An implementation of a Van Emde Boas Tree written in Python.
A Van Emde Boas Tree is a data structure for unique integers. It supports the operations:
- Insert
- Check for membership
- Predecesors
- Successors
- Minimum
- Maximum (- Delete not yet implemented)
All operations except for Minimim and Maximum have runtime O(log(log u)) where u is the universe size (all elements inserted are integers between 0 and u-1). Minimum and Maximum have runtime O(1). Note that this is much faster than any binary search tree or any other common priority queue.
This implementation allocates memory dynamically so that it uses O(n) space (where n is the number of elements in the tree).
None.
To create a Van Emde Boas tree, choose an approximate universe size.
>>> from VEB import VEB
>>> u = 10000
>>> veb = VEB(u)
Based on these preferences, a Van Emde Boas tree will be created that can handle the universe size specified. NOTE: Actually, the Van Emde Boas tree will usually have capacity a lot higher than the universe size you specified. In fact, the capacity of the Van Emde Boas tree will be the lowest number of the form 2^2^2^...^2 that is greater than u. In this specific case, the actual capacity of the Van Emde Boas tree can be checked by doing:
>>> veb.u
65536
Since 2^2^2^2^2 = 65536. This is a lot higher than 10000, but it makes the implementation much more elegant and since the space isn't allocated dynamically, its not much harm to the user on the predecessor, successor and membership operations. Only an additive constant factor slowdown in the runtime. The insert might have a more significant slowdown (more on this on the Improvements section).
>>> veb.insert(100)
>>> veb.insert(123)
>>> veb.insert(2)
You now inserted 100, 123, and 2. You can check membership of elements.
>>> veb.member(2)
True
>>> veb.member(124)
False
You can check predecessors and successors. Note that the predecessor of the lowest elements returns None. Likewise, the successor of the biggest element return None.
>>> veb.predecessor(100)
2
>>> veb.predecessor(123)
100
>>> veb.predecessor(2)
>>> veb.successor(100)
123
>>> veb.successor(99)
100
>>> veb.successor(120)
123
The minimum and maximum elements are stored in fields min and max.
>>> veb.min
2
>>> veb.max
123
I tested the speed for performing all operations on all elements of the Van Emde Boas tree, so the time is amortized for all elements.
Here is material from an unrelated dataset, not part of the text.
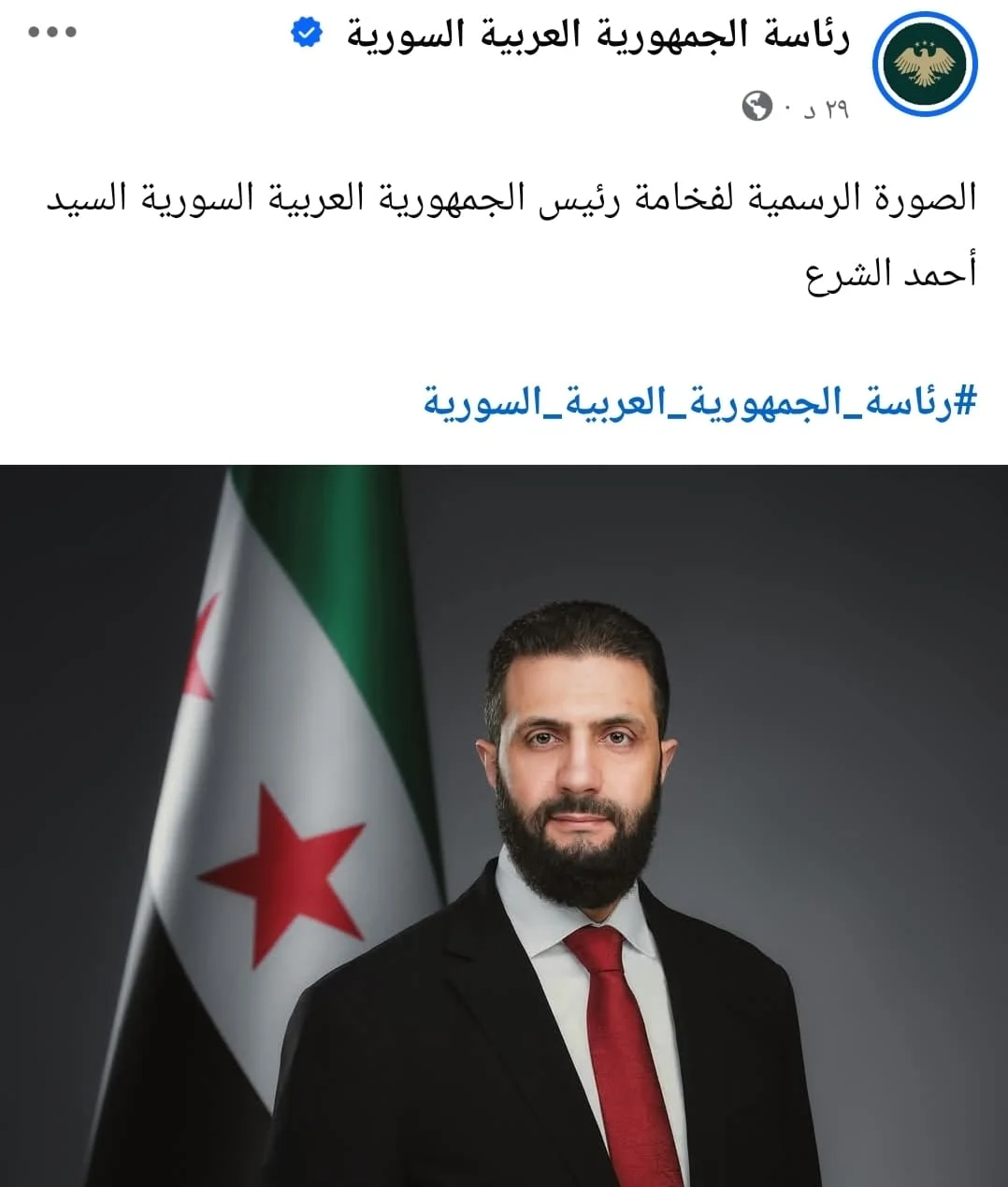 أطلقت رئاسة الجمهورية العربية السورية الصورة الرسمية لفخامة رئيس الجمهورية، السيد أحمد الشرع، والتي تم نشرها عبر المنصات الرسمية، وسط اهتمام واسع بالجودة الفنية والبُعد الرمزي الذي حملته الصورة.

Creating VEB Tree for 50000 elements...
Speed per insertion: 0.000032 seconds
Speed per membership query: 0.000013 seconds
Speed per predecessor query: 0.000026 seconds
Speed per successor query: 0.000025 seconds
I did not do any tricks to boost performance. There might be some bit-tricks worth using for lowering the time even more. Also, the tree currently cannot delete elements. It might be worth trying to make the capacity of the Van Emde Boas tree match more closely the capacity specified by the user.
The one point of improvement by taking that approach would be lowering the time it takes to initialize the clusters. Since a list is created of size sqrt(u). Suppose for example that we create
>>> veb = VEB(65537)
Here we have the user-specified capacity 65537 = 2^2^2^2^2 + 1. Therefore, the Van Emde Boas tree will have actual capacity of 65537^2. Which means that the top level of the tree will have a list of 65537 "clusters", which is a massive overkill, and although most will be empty and specified to None, the initialization of the list takes much longer than needed. I tried having the clusters saved in a dictionary to avoid making the long lists, and while the insertions took about 60% of the time, membership took significantly longer.